EXERCISE GOAL: Repeat every entry exactly. Do not include the pictures.

━━━━━ RECORDS ━━━━━

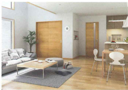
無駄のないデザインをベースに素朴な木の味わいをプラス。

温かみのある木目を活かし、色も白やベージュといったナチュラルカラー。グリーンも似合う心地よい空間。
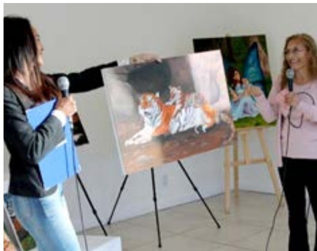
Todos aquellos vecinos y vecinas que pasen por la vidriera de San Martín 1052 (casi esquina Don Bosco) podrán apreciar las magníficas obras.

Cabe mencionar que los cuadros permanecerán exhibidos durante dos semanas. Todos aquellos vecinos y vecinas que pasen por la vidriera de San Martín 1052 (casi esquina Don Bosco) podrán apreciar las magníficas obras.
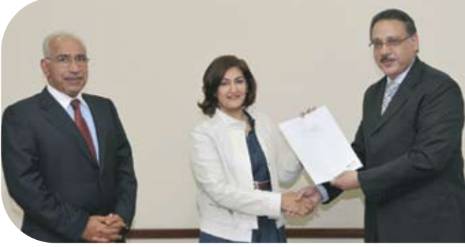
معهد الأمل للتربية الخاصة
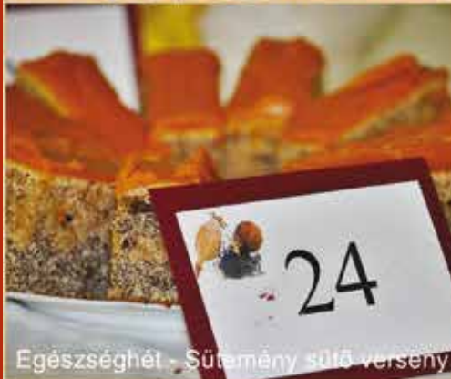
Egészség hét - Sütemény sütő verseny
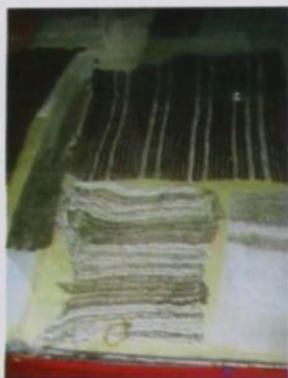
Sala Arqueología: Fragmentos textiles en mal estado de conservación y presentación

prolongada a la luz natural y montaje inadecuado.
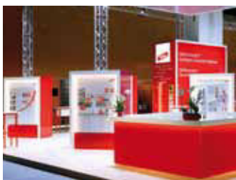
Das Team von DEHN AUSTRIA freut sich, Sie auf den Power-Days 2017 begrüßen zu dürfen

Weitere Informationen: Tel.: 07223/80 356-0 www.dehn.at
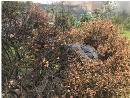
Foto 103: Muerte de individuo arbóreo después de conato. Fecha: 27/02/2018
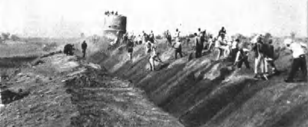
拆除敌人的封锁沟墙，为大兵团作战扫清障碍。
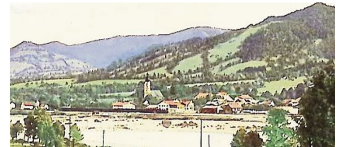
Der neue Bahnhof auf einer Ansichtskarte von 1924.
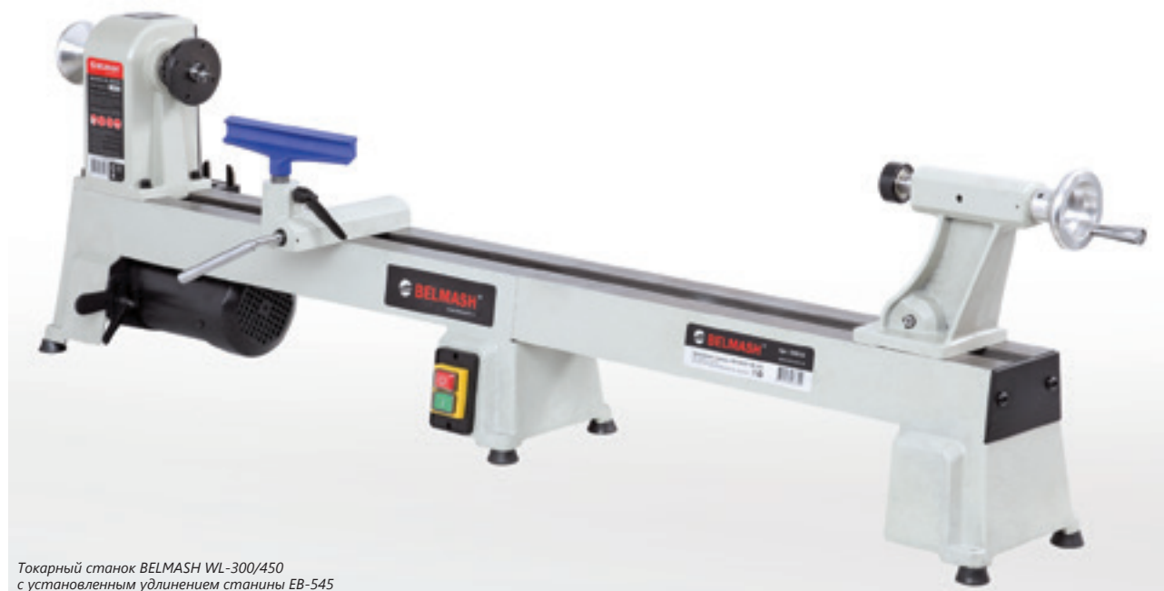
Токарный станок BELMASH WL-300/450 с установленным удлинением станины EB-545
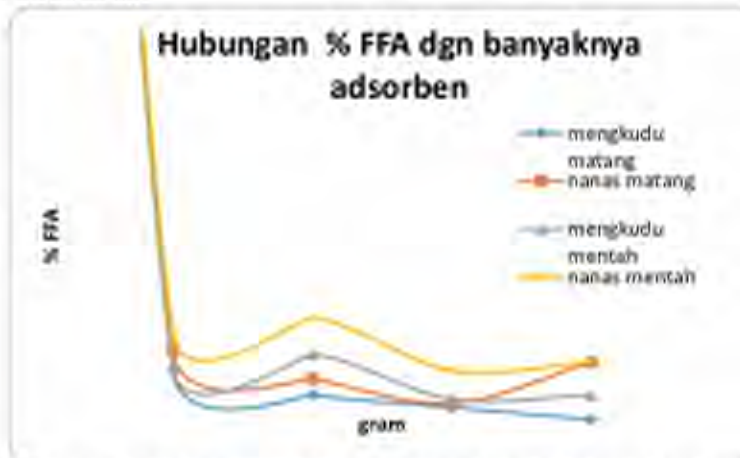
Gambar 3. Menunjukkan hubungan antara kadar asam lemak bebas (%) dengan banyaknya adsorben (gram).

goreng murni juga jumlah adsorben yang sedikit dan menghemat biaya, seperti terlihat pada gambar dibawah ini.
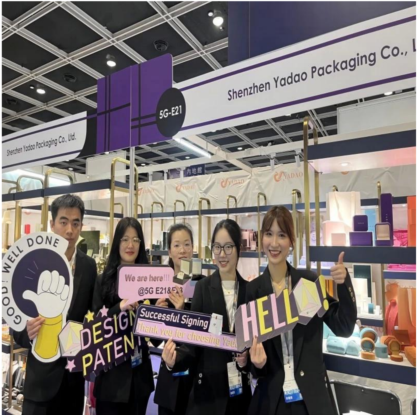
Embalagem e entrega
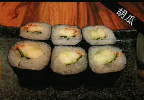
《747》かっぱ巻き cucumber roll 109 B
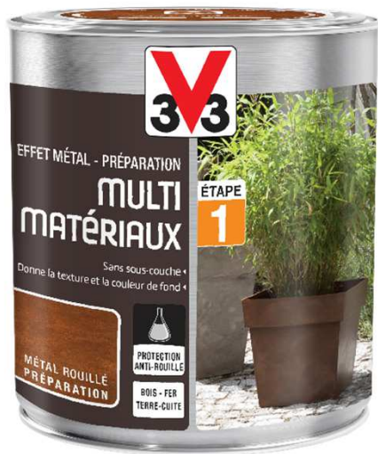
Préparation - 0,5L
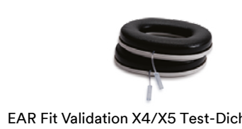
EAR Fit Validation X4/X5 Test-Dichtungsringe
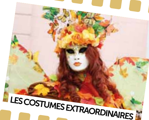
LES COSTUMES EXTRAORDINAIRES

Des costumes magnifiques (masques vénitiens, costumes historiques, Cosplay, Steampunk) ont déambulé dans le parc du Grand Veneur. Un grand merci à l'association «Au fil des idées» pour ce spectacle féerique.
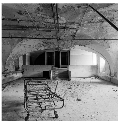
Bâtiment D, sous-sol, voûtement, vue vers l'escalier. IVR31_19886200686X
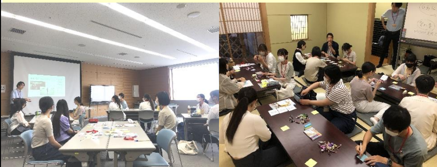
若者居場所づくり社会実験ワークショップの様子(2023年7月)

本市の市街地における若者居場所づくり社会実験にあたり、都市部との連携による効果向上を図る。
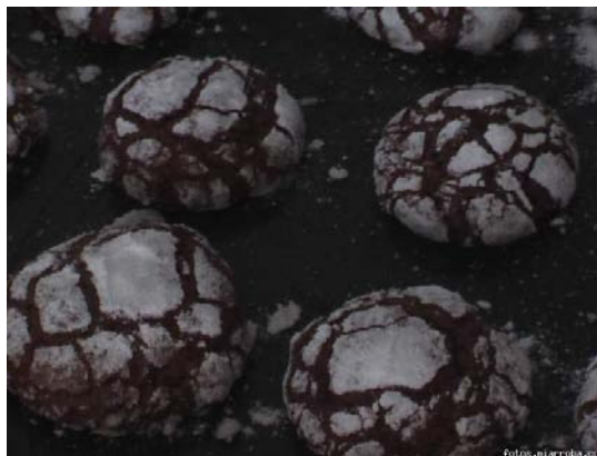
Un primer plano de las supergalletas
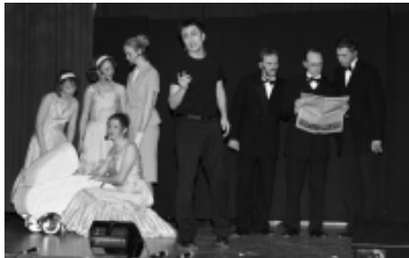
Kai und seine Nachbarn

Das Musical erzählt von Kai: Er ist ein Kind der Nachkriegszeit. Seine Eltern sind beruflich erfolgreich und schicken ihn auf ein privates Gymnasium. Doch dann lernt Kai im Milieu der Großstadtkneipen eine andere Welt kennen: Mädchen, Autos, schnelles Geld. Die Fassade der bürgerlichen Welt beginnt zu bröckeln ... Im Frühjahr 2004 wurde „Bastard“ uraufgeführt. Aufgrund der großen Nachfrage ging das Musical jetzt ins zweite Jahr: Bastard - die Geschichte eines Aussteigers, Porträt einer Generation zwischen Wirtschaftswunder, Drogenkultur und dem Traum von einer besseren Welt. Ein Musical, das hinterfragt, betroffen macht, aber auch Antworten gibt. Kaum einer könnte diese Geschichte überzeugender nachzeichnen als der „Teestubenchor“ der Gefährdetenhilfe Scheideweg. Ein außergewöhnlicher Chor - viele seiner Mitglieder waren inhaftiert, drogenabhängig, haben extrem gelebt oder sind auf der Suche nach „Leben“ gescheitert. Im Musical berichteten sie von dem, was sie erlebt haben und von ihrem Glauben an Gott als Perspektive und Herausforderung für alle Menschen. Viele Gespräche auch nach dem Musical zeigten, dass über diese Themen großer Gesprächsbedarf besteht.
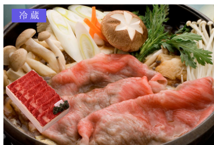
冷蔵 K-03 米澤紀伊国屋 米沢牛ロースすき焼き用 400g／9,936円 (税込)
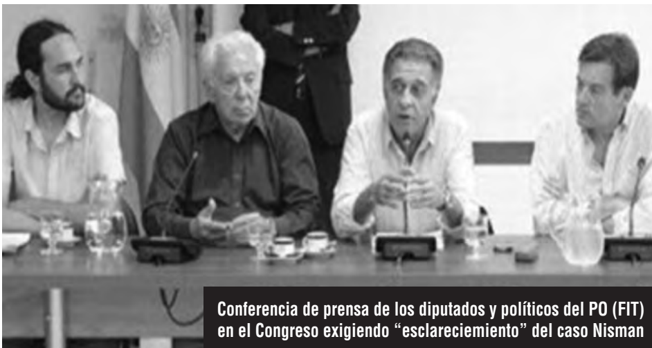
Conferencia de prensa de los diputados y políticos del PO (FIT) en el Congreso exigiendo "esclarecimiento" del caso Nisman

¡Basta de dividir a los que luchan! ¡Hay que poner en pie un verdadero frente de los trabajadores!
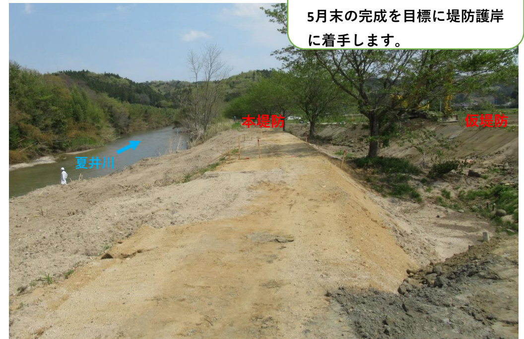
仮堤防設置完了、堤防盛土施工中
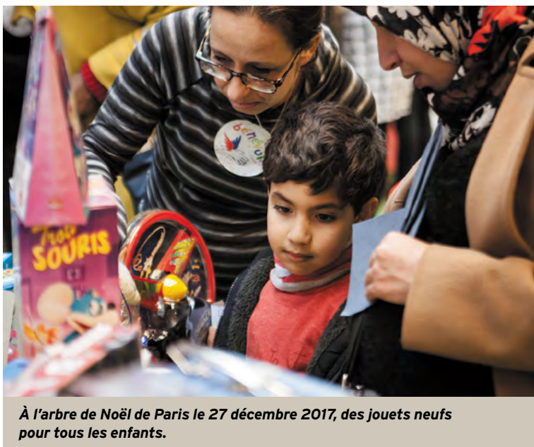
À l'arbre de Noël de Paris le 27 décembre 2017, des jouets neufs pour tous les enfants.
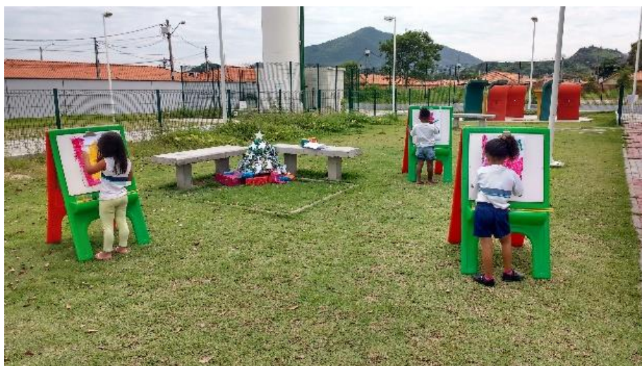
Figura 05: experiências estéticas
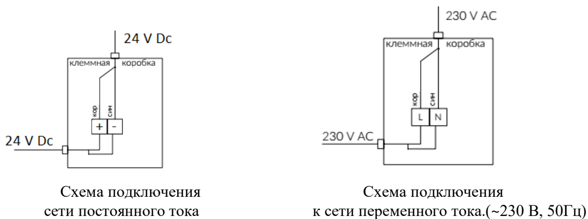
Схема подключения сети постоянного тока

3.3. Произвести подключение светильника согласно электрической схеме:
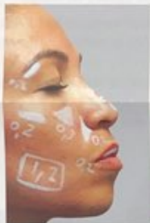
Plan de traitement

━━━━━

ANSWER AREA:
無駄のないデザインをベースに素朴な木の味わいをプラス。

温かみのある木目を活かし、色も白やベージュといったナチュラルカラー。グリーンも似合う心地よい空間。
Todos aquellos vecinos y vecinas que pasen por la vidriera de San Martín 1052 (casi esquina Don Bosco) podrán apreciar las magníficas obras.

Cabe mencionar que los cuadros permanecerán exhibidos durante dos semanas. Todos aquellos vecinos y vecinas que pasen por la vidriera de San Martín 1052 (casi esquina Don Bosco) podrán apreciar las magníficas obras.
معهد الأمل للتربية الخاصة
Egészség hét - Sütemény sütő verseny
Sala Arqueología: Fragmentos textiles en mal estado de conservación y presentación

prolongada a la luz natural y montaje inadecuado.
Das Team von DEHN AUSTRIA freut sich, Sie auf den Power-Days 2017 begrüßen zu dürfen

Weitere Informationen: Tel.: 07223/80 356-0 www.dehn.at
Foto 103: Muerte de individuo arbóreo después de conato. Fecha: 27/02/2018
拆除敌人的封锁沟墙，为大兵团作战扫清障碍。
Der neue Bahnhof auf einer Ansichtskarte von 1924.
Токарный станок BELMASH WL-300/450 с установленным удлинением станины EB-545
Gambar 3. Menunjukkan hubungan antara kadar asam lemak bebas (%) dengan banyaknya adsorben (gram).

goreng murni juga jumlah adsorben yang sedikit dan menghemat biaya, seperti terlihat pada gambar dibawah ini.
Embalagem e entrega
《747》かっぱ巻き cucumber roll 109 B
Préparation - 0,5L
EAR Fit Validation X4/X5 Test-Dichtungsringe
LES COSTUMES EXTRAORDINAIRES

Des costumes magnifiques (masques vénitiens, costumes historiques, Cosplay, Steampunk) ont déambulé dans le parc du Grand Veneur. Un grand merci à l'association «Au fil des idées» pour ce spectacle féerique.
Bâtiment D, sous-sol, voûtement, vue vers l'escalier. IVR31_19886200686X
若者居場所づくり社会実験ワークショップの様子(2023年7月)

本市の市街地における若者居場所づくり社会実験にあたり、都市部との連携による効果向上を図る。
Un primer plano de las supergalletas
Kai und seine Nachbarn

Das Musical erzählt von Kai: Er ist ein Kind der Nachkriegszeit. Seine Eltern sind beruflich erfolgreich und schicken ihn auf ein privates Gymnasium. Doch dann lernt Kai im Milieu der Großstadtkneipen eine andere Welt kennen: Mädchen, Autos, schnelles Geld. Die Fassade der bürgerlichen Welt beginnt zu bröckeln ... Im Frühjahr 2004 wurde „Bastard“ uraufgeführt. Aufgrund der großen Nachfrage ging das Musical jetzt ins zweite Jahr: Bastard - die Geschichte eines Aussteigers, Porträt einer Generation zwischen Wirtschaftswunder, Drogenkultur und dem Traum von einer besseren Welt. Ein Musical, das hinterfragt, betroffen macht, aber auch Antworten gibt. Kaum einer könnte diese Geschichte überzeugender nachzeichnen als der „Teestubenchor“ der Gefährdetenhilfe Scheideweg. Ein außergewöhnlicher Chor - viele seiner Mitglieder waren inhaftiert, drogenabhängig, haben extrem gelebt oder sind auf der Suche nach „Leben“ gescheitert. Im Musical berichteten sie von dem, was sie erlebt haben und von ihrem Glauben an Gott als Perspektive und Herausforderung für alle Menschen. Viele Gespräche auch nach dem Musical zeigten, dass über diese Themen großer Gesprächsbedarf besteht.
冷蔵 K-03 米澤紀伊国屋 米沢牛ロースすき焼き用 400g／9,936円 (税込)
Conferencia de prensa de los diputados y políticos del PO (FIT) en el Congreso exigiendo "esclarecimiento" del caso Nisman

¡Basta de dividir a los que luchan! ¡Hay que poner en pie un verdadero frente de los trabajadores!
仮堤防設置完了、堤防盛土施工中
À l'arbre de Noël de Paris le 27 décembre 2017, des jouets neufs pour tous les enfants.
Figura 05: experiências estéticas
Схема подключения сети постоянного тока

3.3. Произвести подключение светильника согласно электрической схеме:
Plan de traitement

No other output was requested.